Genetic Alterations of miR-30 Family Members are Associated with Clinical Features of HNSCC

We hypothesized that if loss of expression of miR-30 family members is important in pathogenesis of HNSCC, there may be selective pressure for deletion or epigenetic silencing. We analyzed copy number variation of miR-30 family members from the HNSCC TCGA datasets. For the MIR30A and MIR30C2 genes on chromosome 6, and the MIR30E and MIR30C1 on chromosome 1, 19.7 % and 14.7% display at least heterozygous copy number loss at these genetic loci, with infrequent overlap (Fig. 6A and B). Integrative analysis supported a trend or significant correlation of heterozygous loss with decreased expression for miR-30a-5p (p=0.15, Fig. 6A and C), and miR-30e (p-value=0.0006, Fig. 6B and D). We further analyzed if the broader decreased expression of miR-30a/e observed is associated with methylation of putative promoters, along the MIR30A/C2 promoter and coding regions (Supplementary Table S7). We observed a correlation between increasing DNA methylation of MIR30A promoter and lower expression in a subset of tumor specimens (Spearman correlation = −0.22 and p-value = 0.00057, Fig. 6C). We observed that a high percentage of oral cavity tumors (n=87) display a significant correlation with hypermethylation of CpG sites in the MIR30A promoter, and with reduced miR-30a-5p expression (Fig. 6C; Supplementary Table S8–1, p-values 6.15e-07 and 0.0082, respectively).

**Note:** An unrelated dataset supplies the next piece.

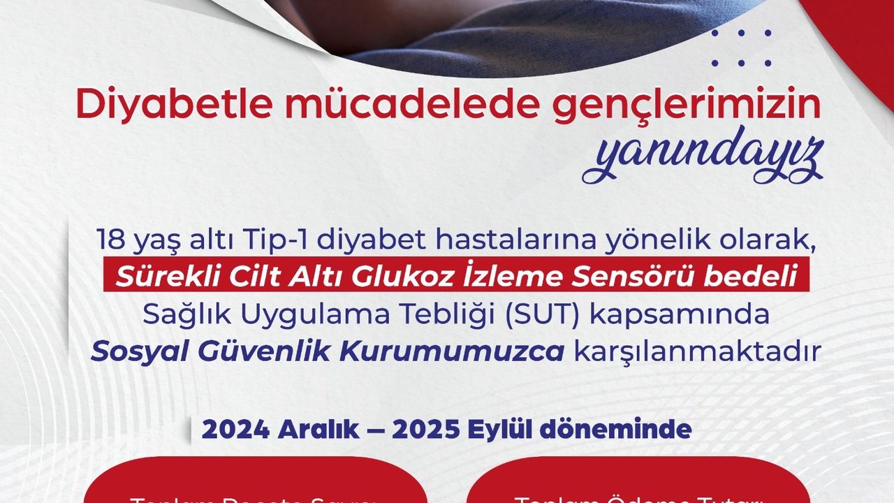 Çalışma ve Sosyal Güvenlik Bakanı Vedat Işıkhan, sosyal medya hesabından yaptığı açıklamada, "Diyabet hastalığıyla mücadele eden çocuklarımızın yaşam kalitelerini artırıyor, ailelerini maddi olarak destekliyoruz. 18 yaş altındaki Tip 1 Diyabet hastası evlatlarımız için sürekli cilt altı glukoz izlem cihazlarını Sosyal Güvenlik Kurumumuz aracılığıyla geri ödeme kapsamına almıştık. 2024 yılı Aralık-2025 yılı Eylül arasında 610 milyon liraya yakın ödeme bedeli olan 76 binden fazla reçeteyi evlatlarımız için karşıladık. 23 yıldır attığımız her adımda milletimizin iyiliğini ve toplumumuzun yararını önceledik. Bundan sonrasında da bu gayretle çalışmaya devam edeceğiz" ifadelerini kullandı. (DHA)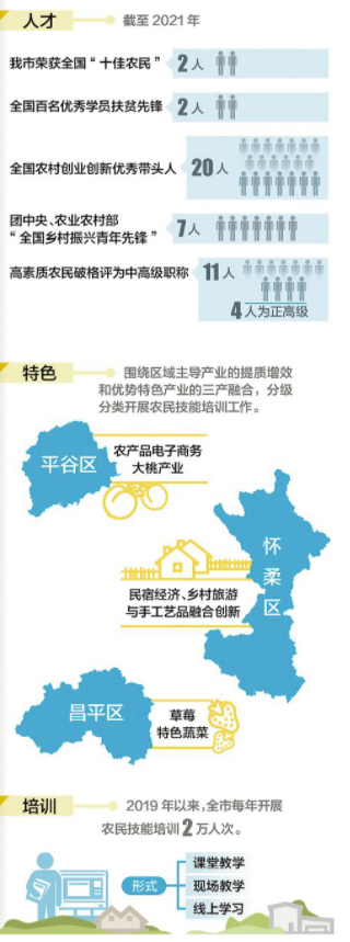 习近平总书记指出,“乡村振兴,人才是关键。”培训农民是培养乡村振兴人才的重要方式。近年来,北京市农业农村局不断改进农民培训工作,通过开展大范围座谈调研提升课程内容的精准性,提高培训对象的聚焦性,通过加大推广就地就近、不住宿、小班制、分时段为主的培训方式方便农民就地就近就便参训。培训工作从数量到质量、从管理到效果都取得了明显成效,深受农民欢迎和好评,逐渐形成了一支规模为6.1万人的有文化、懂技术、善经营、会管理的高素质现代化农民队伍。

Reduced expression of miR-30e-5p was significantly correlated with current smoking among a subset of oral cancers (Supplementary Table S8–2, p=0.022), but did not reach significance for oropharyngeal cancers or HNSCC overall. Copy number deletion and reduced expression of miR-30e-5p is correlated with HPV-negative HNSCC (Fig. 6D; Supplementary Table S8, p-values 0.0053 and 0.0001, respectively), including laryngeal subsites.

Fig. 6. Genomic deletion, methylation, and expression of miR-30 family members, and associated clinical features.

Fig. 6.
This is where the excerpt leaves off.